Your task – Print the listing from its top line through the line containing "BSI的设计、技术和植入。图", nothing more, and leave out the pictures.

Data –
%%

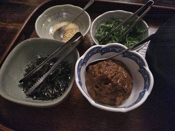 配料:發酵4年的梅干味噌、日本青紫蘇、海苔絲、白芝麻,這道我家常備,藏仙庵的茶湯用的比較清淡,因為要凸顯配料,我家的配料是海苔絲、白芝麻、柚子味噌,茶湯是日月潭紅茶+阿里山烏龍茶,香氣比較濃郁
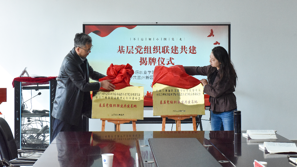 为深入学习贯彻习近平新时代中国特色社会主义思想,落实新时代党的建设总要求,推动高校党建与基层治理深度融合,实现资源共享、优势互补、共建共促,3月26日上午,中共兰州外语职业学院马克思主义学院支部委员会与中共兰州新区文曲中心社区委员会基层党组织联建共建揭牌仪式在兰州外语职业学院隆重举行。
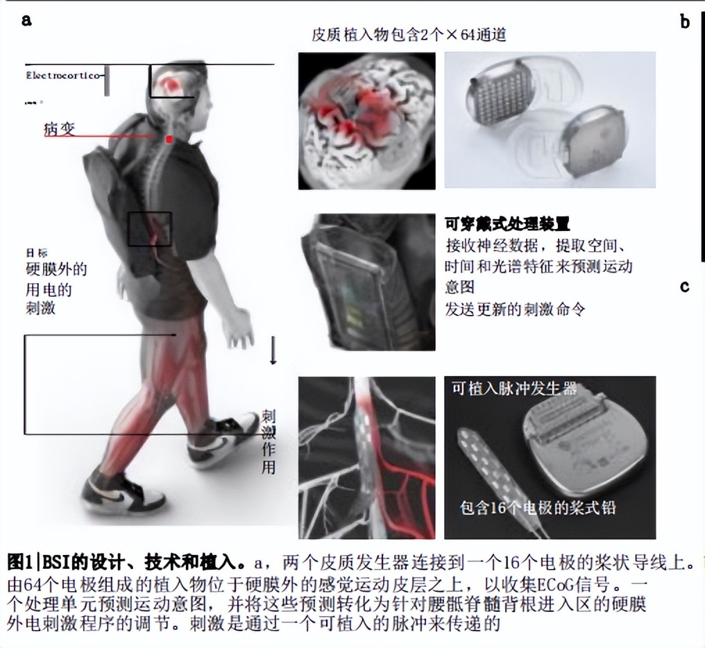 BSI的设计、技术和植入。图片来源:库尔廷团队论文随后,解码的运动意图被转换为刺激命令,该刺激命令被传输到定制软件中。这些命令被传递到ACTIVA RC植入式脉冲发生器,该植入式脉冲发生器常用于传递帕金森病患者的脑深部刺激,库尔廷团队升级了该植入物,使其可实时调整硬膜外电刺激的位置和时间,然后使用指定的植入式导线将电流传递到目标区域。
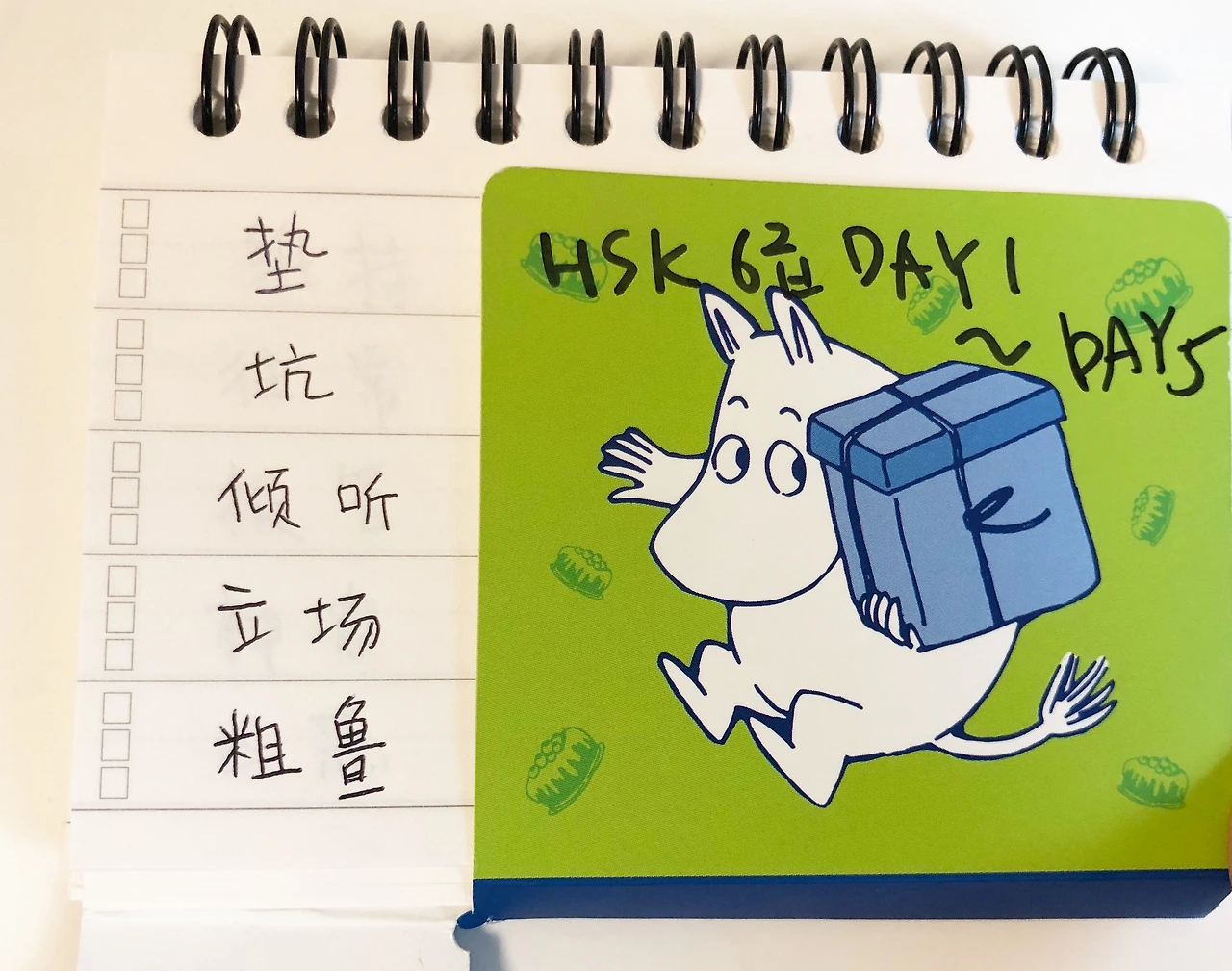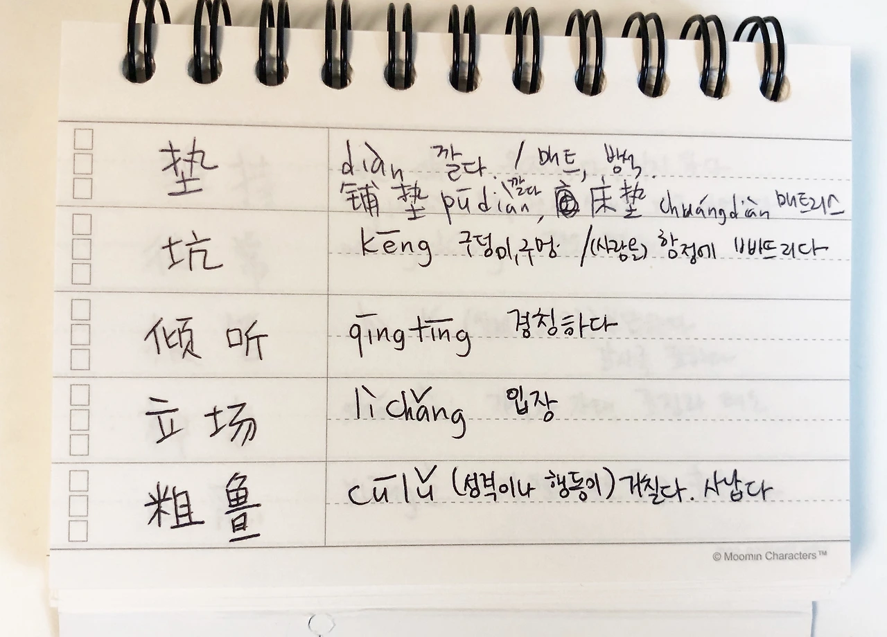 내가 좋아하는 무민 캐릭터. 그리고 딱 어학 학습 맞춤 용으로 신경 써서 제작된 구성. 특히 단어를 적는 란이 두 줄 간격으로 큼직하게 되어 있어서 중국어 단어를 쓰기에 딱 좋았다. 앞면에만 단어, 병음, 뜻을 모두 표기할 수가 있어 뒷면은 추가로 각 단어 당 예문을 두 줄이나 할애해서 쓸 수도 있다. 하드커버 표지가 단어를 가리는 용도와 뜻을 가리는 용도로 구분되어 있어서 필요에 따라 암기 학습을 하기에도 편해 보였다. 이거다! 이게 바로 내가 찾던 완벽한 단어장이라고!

%%

Solution for this task –
 配料:發酵4年的梅干味噌、日本青紫蘇、海苔絲、白芝麻,這道我家常備,藏仙庵的茶湯用的比較清淡,因為要凸顯配料,我家的配料是海苔絲、白芝麻、柚子味噌,茶湯是日月潭紅茶+阿里山烏龍茶,香氣比較濃郁
 为深入学习贯彻习近平新时代中国特色社会主义思想,落实新时代党的建设总要求,推动高校党建与基层治理深度融合,实现资源共享、优势互补、共建共促,3月26日上午,中共兰州外语职业学院马克思主义学院支部委员会与中共兰州新区文曲中心社区委员会基层党组织联建共建揭牌仪式在兰州外语职业学院隆重举行。
 BSI的设计、技术和植入。图片来源:库尔廷团队论文随后,解码的运动意图被转换为刺激命令,该刺激命令被传输到定制软件中。这些命令被传递到ACTIVA RC植入式脉冲发生器,该植入式脉冲发生器常用于传递帕金森病患者的脑深部刺激,库尔廷团队升级了该植入物,使其可实时调整硬膜外电刺激的位置和时间,然后使用指定的植入式导线将电流传递到目标区域。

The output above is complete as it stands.